What is expected
Please give the whole listing again exactly, without any of its pictures.

Provided material
########

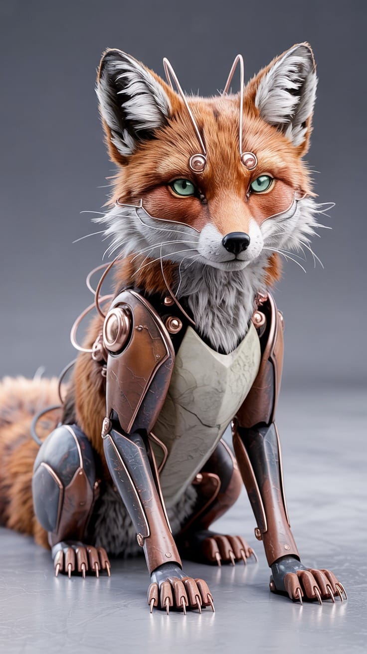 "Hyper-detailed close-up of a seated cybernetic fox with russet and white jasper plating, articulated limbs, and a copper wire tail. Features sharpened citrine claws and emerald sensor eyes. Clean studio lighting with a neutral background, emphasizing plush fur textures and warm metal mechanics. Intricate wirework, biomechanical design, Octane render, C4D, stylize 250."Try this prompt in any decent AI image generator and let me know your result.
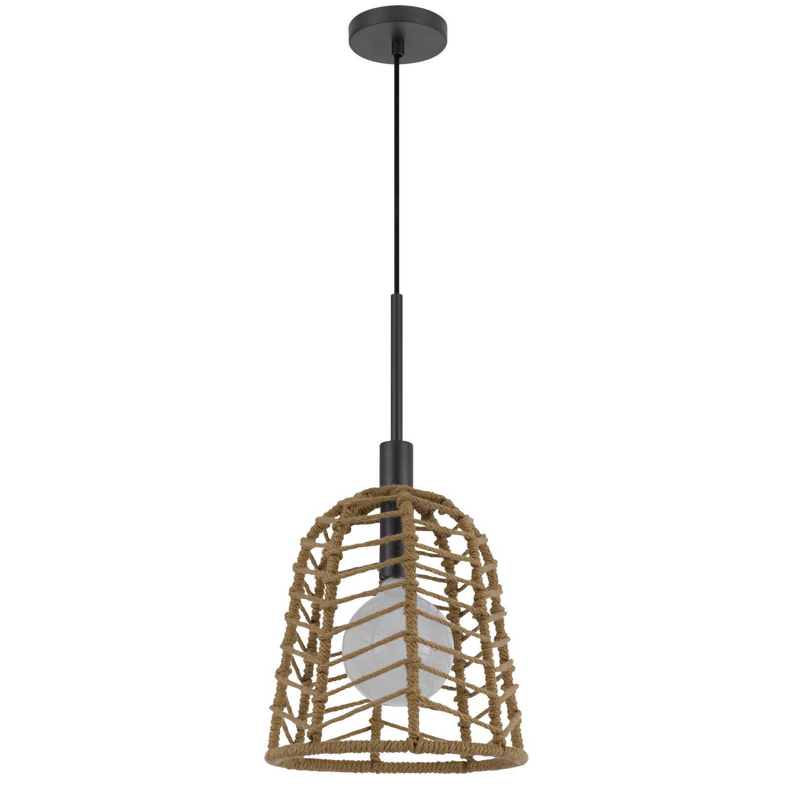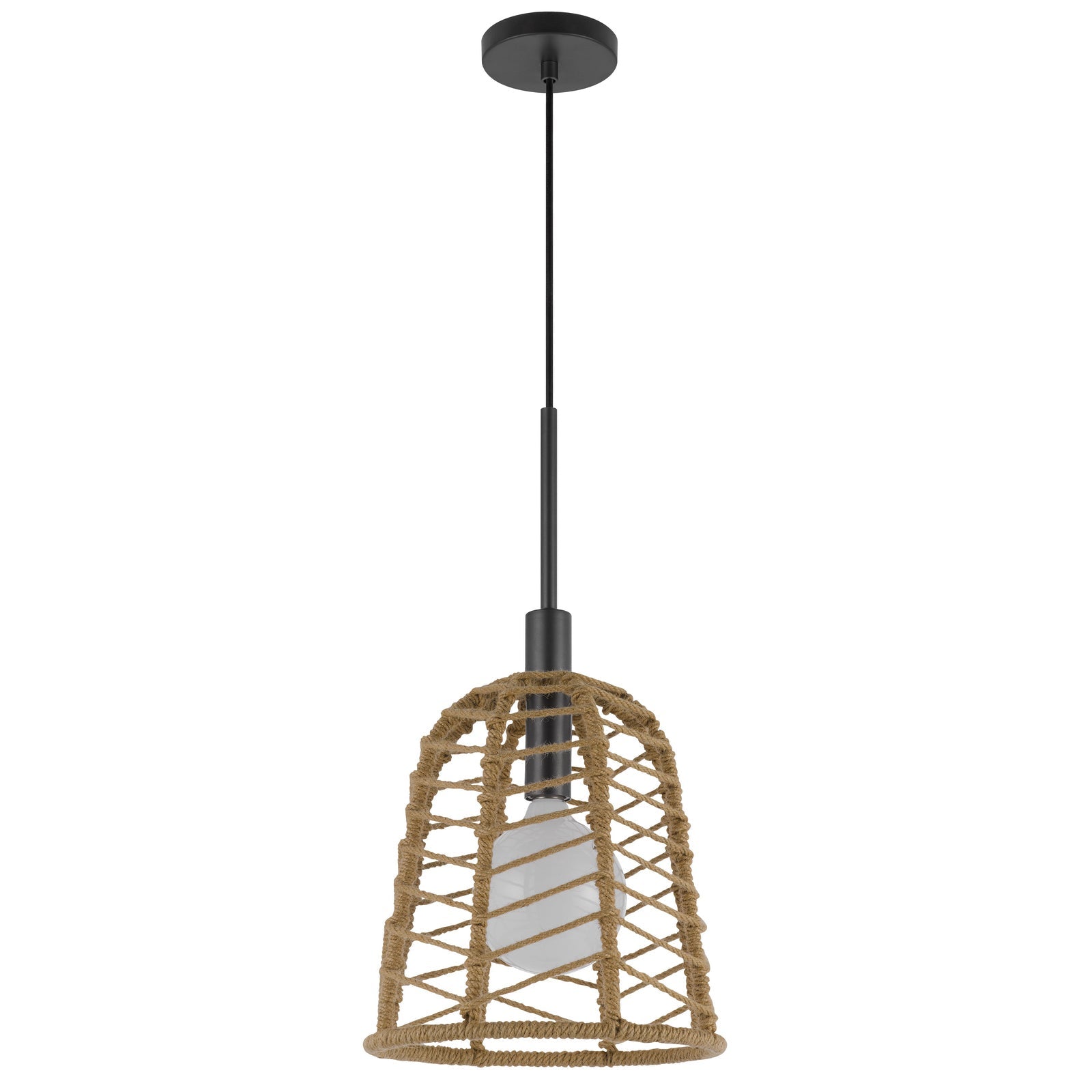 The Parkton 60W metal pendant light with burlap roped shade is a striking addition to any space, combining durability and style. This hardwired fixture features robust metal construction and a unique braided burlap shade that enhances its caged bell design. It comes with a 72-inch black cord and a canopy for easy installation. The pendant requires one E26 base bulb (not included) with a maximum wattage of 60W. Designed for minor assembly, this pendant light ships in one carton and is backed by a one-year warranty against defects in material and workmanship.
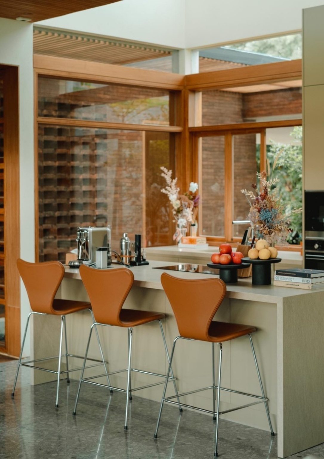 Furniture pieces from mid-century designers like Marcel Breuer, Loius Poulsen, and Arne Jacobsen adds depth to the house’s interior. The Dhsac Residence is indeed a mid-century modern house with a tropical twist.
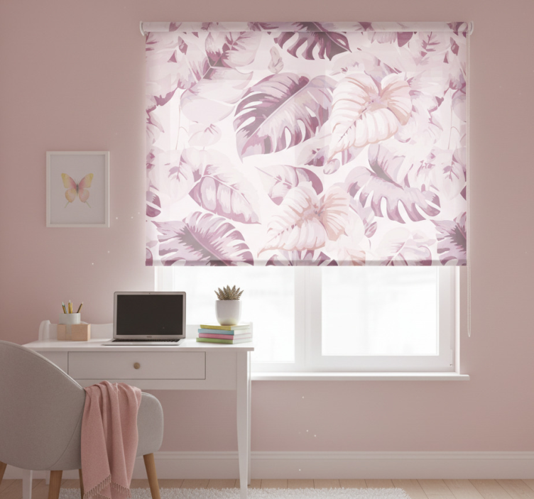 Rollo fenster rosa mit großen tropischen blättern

########

Reply
 "Hyper-detailed close-up of a seated cybernetic fox with russet and white jasper plating, articulated limbs, and a copper wire tail. Features sharpened citrine claws and emerald sensor eyes. Clean studio lighting with a neutral background, emphasizing plush fur textures and warm metal mechanics. Intricate wirework, biomechanical design, Octane render, C4D, stylize 250."Try this prompt in any decent AI image generator and let me know your result.
 The Parkton 60W metal pendant light with burlap roped shade is a striking addition to any space, combining durability and style. This hardwired fixture features robust metal construction and a unique braided burlap shade that enhances its caged bell design. It comes with a 72-inch black cord and a canopy for easy installation. The pendant requires one E26 base bulb (not included) with a maximum wattage of 60W. Designed for minor assembly, this pendant light ships in one carton and is backed by a one-year warranty against defects in material and workmanship.
 Furniture pieces from mid-century designers like Marcel Breuer, Loius Poulsen, and Arne Jacobsen adds depth to the house’s interior. The Dhsac Residence is indeed a mid-century modern house with a tropical twist.
 Rollo fenster rosa mit großen tropischen blättern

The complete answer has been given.